At the meeting South Africa said, “while the TRIPS waiver proposal should still be an integral part of any successful outcome at MC12, members should move beyond the binary approach between the waiver proposal and the declaration proposal submitted by the EU.”

The next small group consultation is scheduled on October 26th. There will be a TRIPS council meeting ahead of General Council meeting in November 22-23.


Meanwhile in a significant visit to Geneva this week, US Ambassador Katherine Tai also laid out the American vision for the WTO. On whether the US had wavered on the question of the TRIPS Waiver, Tai said:

“….It is something we continue to think about and work on, because it is so important. From the outside it might look like silence. But I want everyone to know that the Biden administration’s embracing and endorsement of the TRIPS waiver, and the proponents is about our commitment to the global COVID response, the need to address what we are hearing from so many WTO members which is that we need more production of vaccines and a more equitable distribution of vaccines.

While we are making progress collectively there is a lot more progress that we need to make.

I want to put in context the endorsement of the waiver, in the overall efforts that the Biden administration is making, 1 billion doses committed, and to deliver on them.

To answer your question…because this is a Geneva crowd and I say this with the utmost affection that we are all trade nerds here, on the TRIPS Waiver, the challenge is how do you get consensus in the WTO, so that the WTO can look at the issue of IP rules and where they can be modified in the pandemic to increase production and for more equitable distribution of doses….It is such an important issue because of the time, because of the potential positive impact on the lives of people.”  

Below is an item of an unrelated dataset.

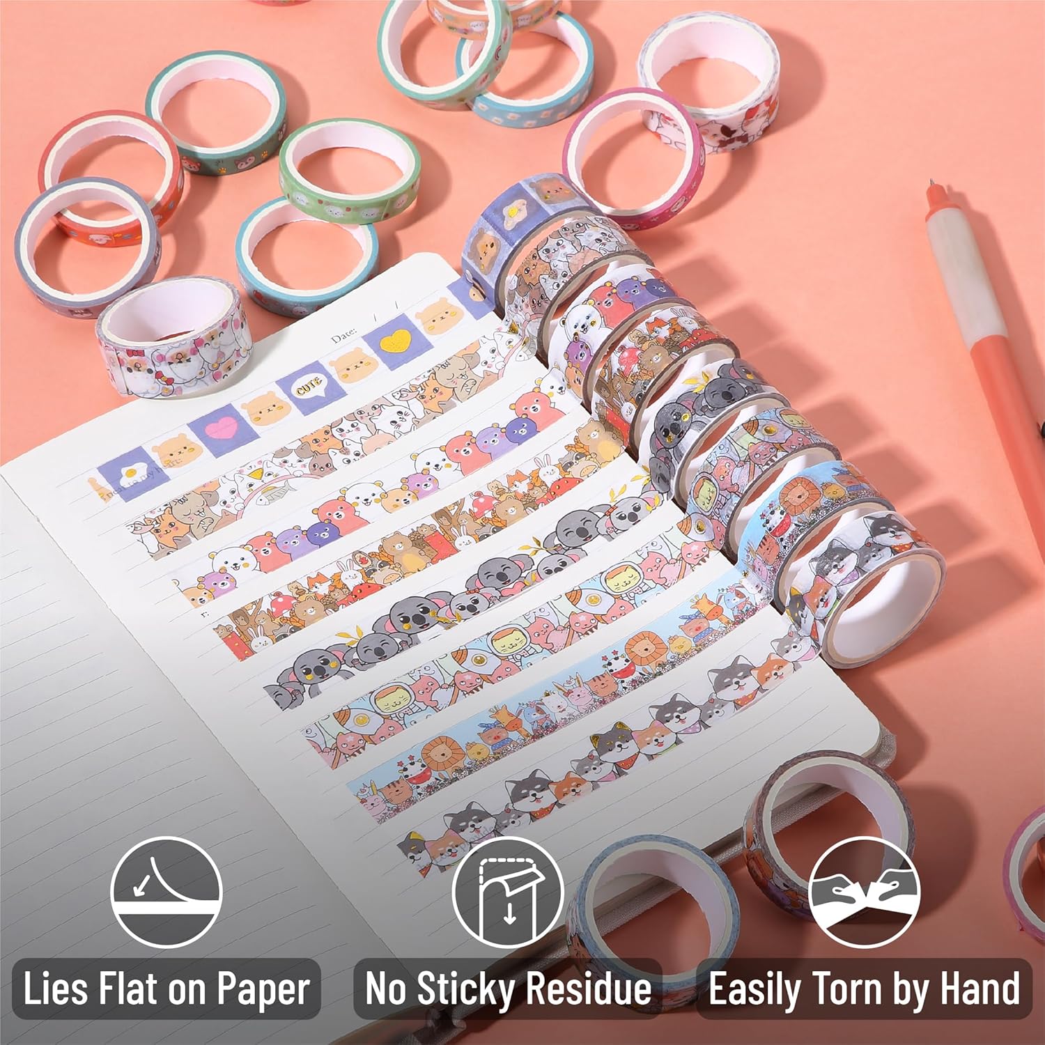 - Made from high-quality, easy-to-tear paper material, these washi tapes are durable, repositionable, and leave no sticky residue, making them ideal for decorating planners, scrapbooks, and journals.

Ngozi Okonjo-Iweala on the TRIPS Waiver speaking at Reviving the multilateral trading system:

“By focussing only on the TRIPS Waiver, people are missing a very important point ,and are not focussing on some very critical issues for solving this problem of access to vaccines. The simple fact was that the world was not equipped, did not have enough production capacity for producing vaccines in the first place. We were producing 5 billion vaccines in total prior to the pandemic – largely children’s vaccines. And the pandemic came, we find that we need 10-15 billion doses. There was not enough investment in production capacity to begin with, to produce that number of vaccines. So, we have to focus on that. So even you get the IP waive today and you do not have a factory or a manufacturing plant, you are not going to get anywhere. So, the attention on the waiver issue, yes, this is important but people have shifted attention from some of the other constraints…

So, you need to increase production capacity, you need to decentralise production, from the 10 countries. 80% of world export of vaccines come from these countries. In this crisis, that does not work…”

See also her remarks yesterday at the Peterson Institute for International Economics in Washington D.C., where she suggests that WTO members could find “a pragmatic compromise on the IP waiver which ensures equitable access to developing countries while preserving incentives for research and innovation.”

Coming weeks will reveal who finally pays for a pragmatic compromise.